_REQUIREMENT_
Wherever the listing holds a picture, leave it out, and copy the remainder exactly.

_SOURCE DATA_
-------
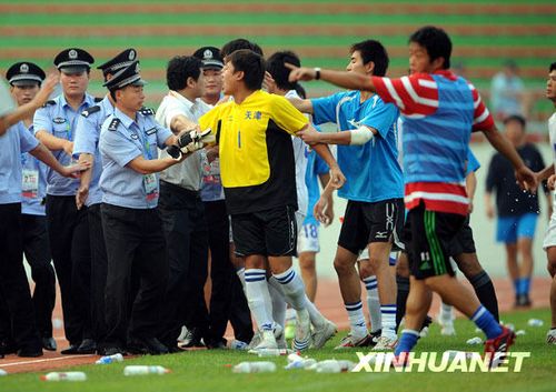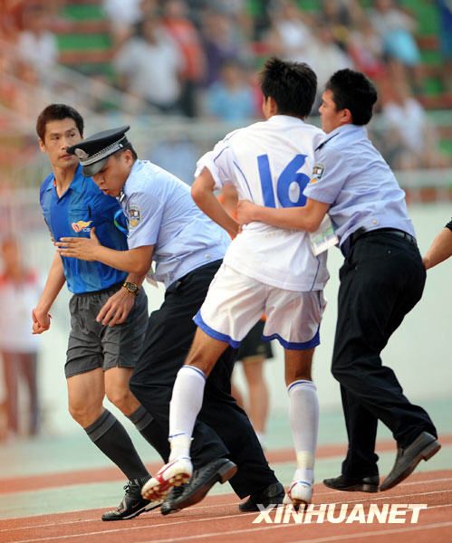 14號劉青在休息室門口看到此景,試圖掙脫警察的阻擋沖上前去。就在天津隊員追打裁判時,一名球員將裁判的電子記錄牌扔在地上狂踩。這時,警察趕到將天津隊員強行分離,并送至球場內(nèi)?磁_上的山東觀眾發(fā)出噓聲,并將水瓶扔向天津隊員。一名天津隊員向看臺伸出了中指,已坐在球場中間的李根聽到球迷的罵聲后再次沖出人群試圖爬上看臺,被警察制止。
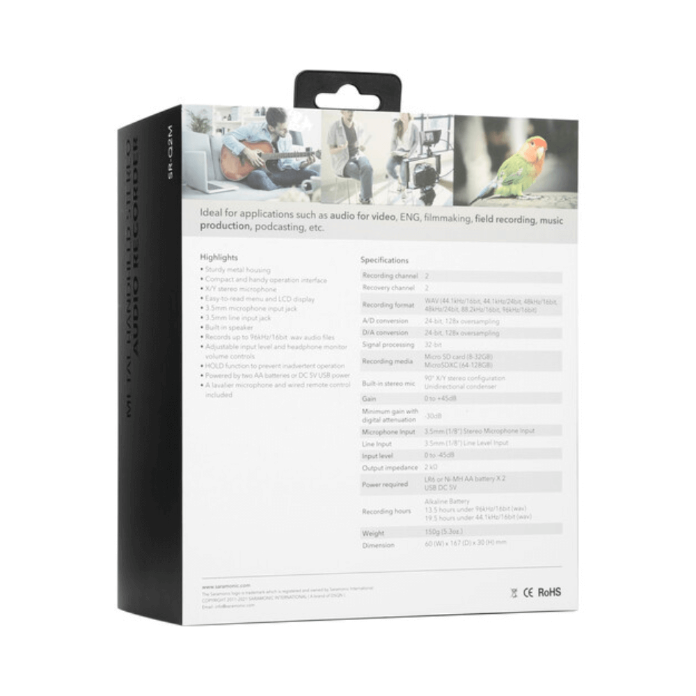Saramonic SR-Q2M là máy ghi âm cầm tay nhỏ gọn và nhẹ với kết cấu kim loại chắc chắn. Nó có một cặp micrô tụ âm thanh nổi chất lượng cao giúp dễ dàng thu được âm thanh phong phú, chất lượng phát sóng để sản xuất video, ghi âm nhạc, podcasting, báo chí, v.v.
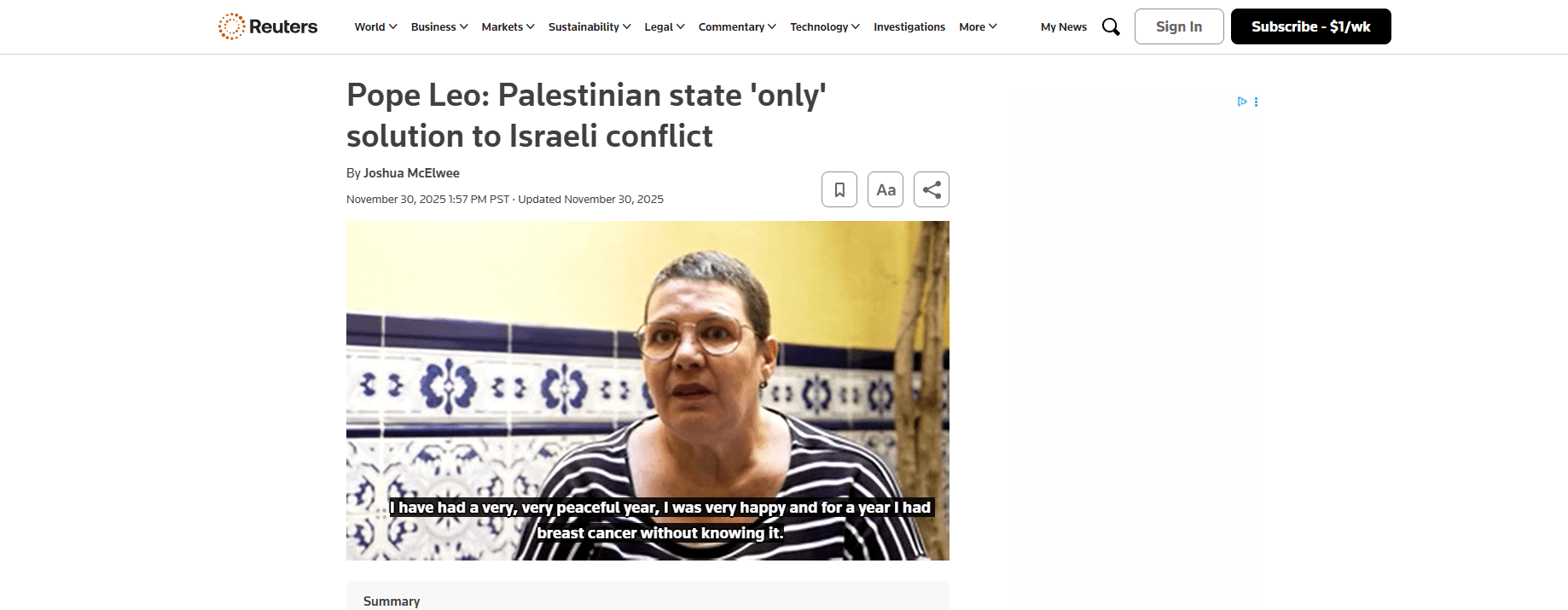 Pope Leo: Palestinian state 'only' solution to Israeli conflict
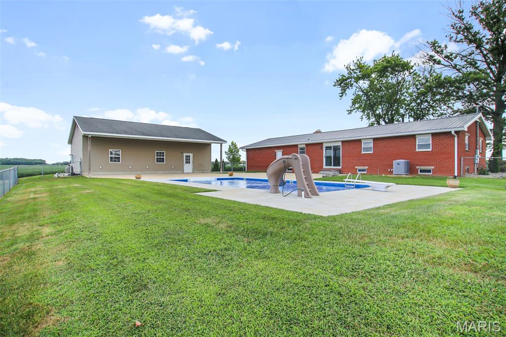 Outside, enjoy your own back yard retreat with a beautifully maintained inground pool and 10×30 covered patio —perfect for summer gatherings and quiet relaxation.
-------
_SOLUTION TO THE EXERCISE_
 14號劉青在休息室門口看到此景,試圖掙脫警察的阻擋沖上前去。就在天津隊員追打裁判時,一名球員將裁判的電子記錄牌扔在地上狂踩。這時,警察趕到將天津隊員強行分離,并送至球場內(nèi)?磁_上的山東觀眾發(fā)出噓聲,并將水瓶扔向天津隊員。一名天津隊員向看臺伸出了中指,已坐在球場中間的李根聽到球迷的罵聲后再次沖出人群試圖爬上看臺,被警察制止。
Saramonic SR-Q2M là máy ghi âm cầm tay nhỏ gọn và nhẹ với kết cấu kim loại chắc chắn. Nó có một cặp micrô tụ âm thanh nổi chất lượng cao giúp dễ dàng thu được âm thanh phong phú, chất lượng phát sóng để sản xuất video, ghi âm nhạc, podcasting, báo chí, v.v.
 Pope Leo: Palestinian state 'only' solution to Israeli conflict
 Outside, enjoy your own back yard retreat with a beautifully maintained inground pool and 10×30 covered patio —perfect for summer gatherings and quiet relaxation.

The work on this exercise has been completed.